Look below for the line with "Interchangeable Seasonal Gnome" and the line with "[김들풀 기자] 국내"; repeat exactly those two lines and all lines between them, but no pictures.

Material for this task:
=== Section Start ===

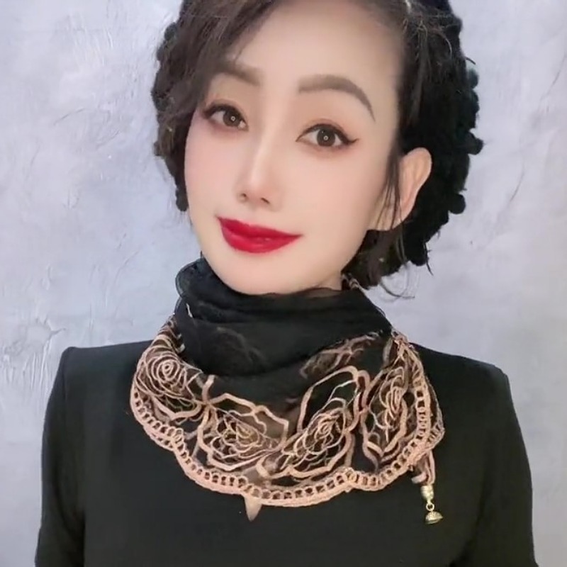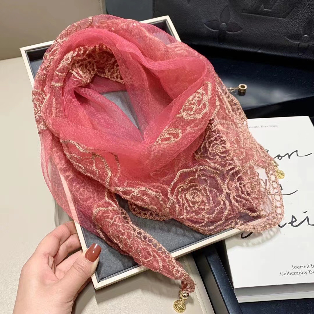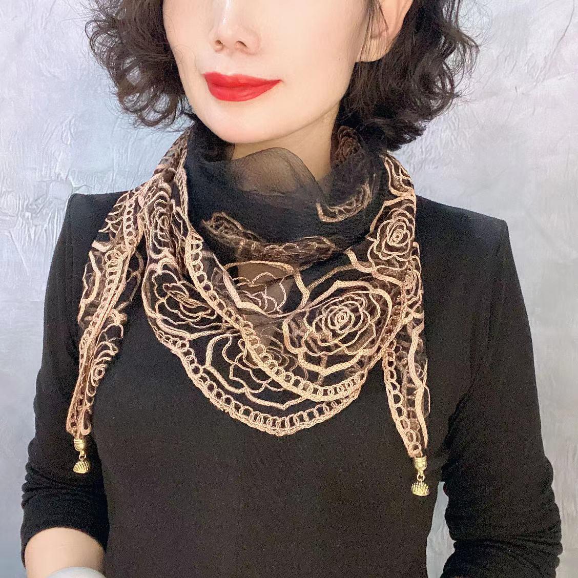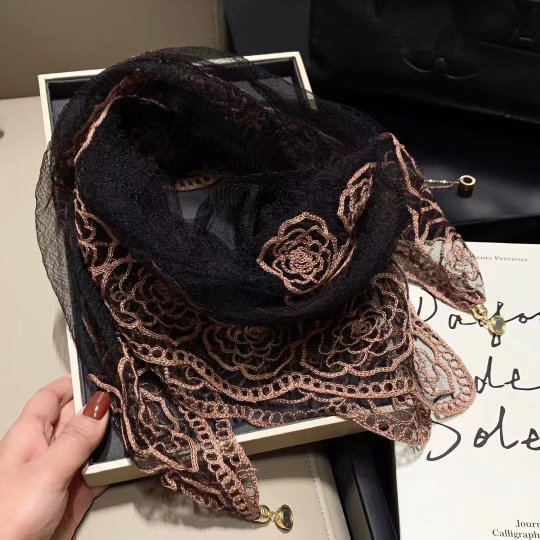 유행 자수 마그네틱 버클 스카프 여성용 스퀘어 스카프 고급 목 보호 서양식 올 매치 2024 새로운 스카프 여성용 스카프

=== Section End ===
=== Section Start ===

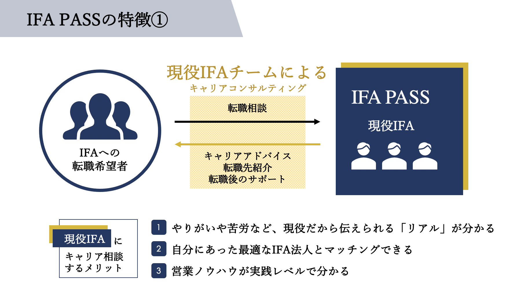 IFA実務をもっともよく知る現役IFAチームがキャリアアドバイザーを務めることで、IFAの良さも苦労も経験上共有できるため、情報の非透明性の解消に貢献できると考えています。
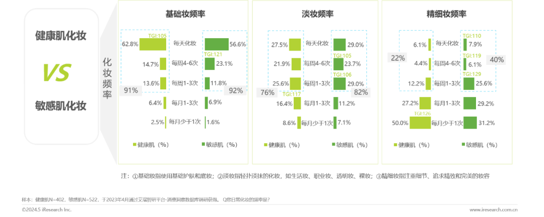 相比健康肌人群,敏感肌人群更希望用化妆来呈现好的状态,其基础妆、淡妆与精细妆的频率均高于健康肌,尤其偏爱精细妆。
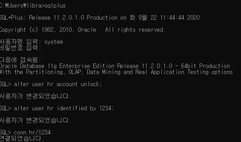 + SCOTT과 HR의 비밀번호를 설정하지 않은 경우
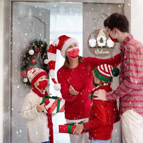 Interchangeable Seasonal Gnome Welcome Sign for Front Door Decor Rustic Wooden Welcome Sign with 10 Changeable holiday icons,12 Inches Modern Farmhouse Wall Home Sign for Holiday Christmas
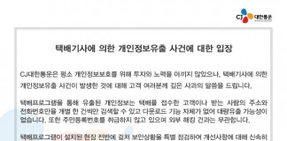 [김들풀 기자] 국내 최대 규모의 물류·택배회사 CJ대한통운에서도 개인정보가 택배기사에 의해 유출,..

=== Section End ===
=== Section Start ===

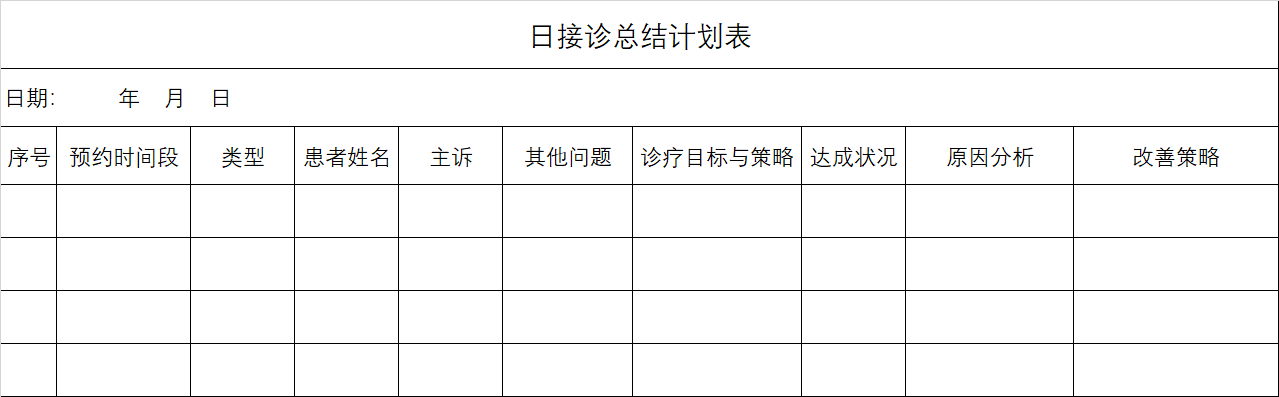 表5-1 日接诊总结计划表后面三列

=== Section End ===

Answer to this problem:
 Interchangeable Seasonal Gnome Welcome Sign for Front Door Decor Rustic Wooden Welcome Sign with 10 Changeable holiday icons,12 Inches Modern Farmhouse Wall Home Sign for Holiday Christmas
 [김들풀 기자] 국내 최대 규모의 물류·택배회사 CJ대한통운에서도 개인정보가 택배기사에 의해 유출,..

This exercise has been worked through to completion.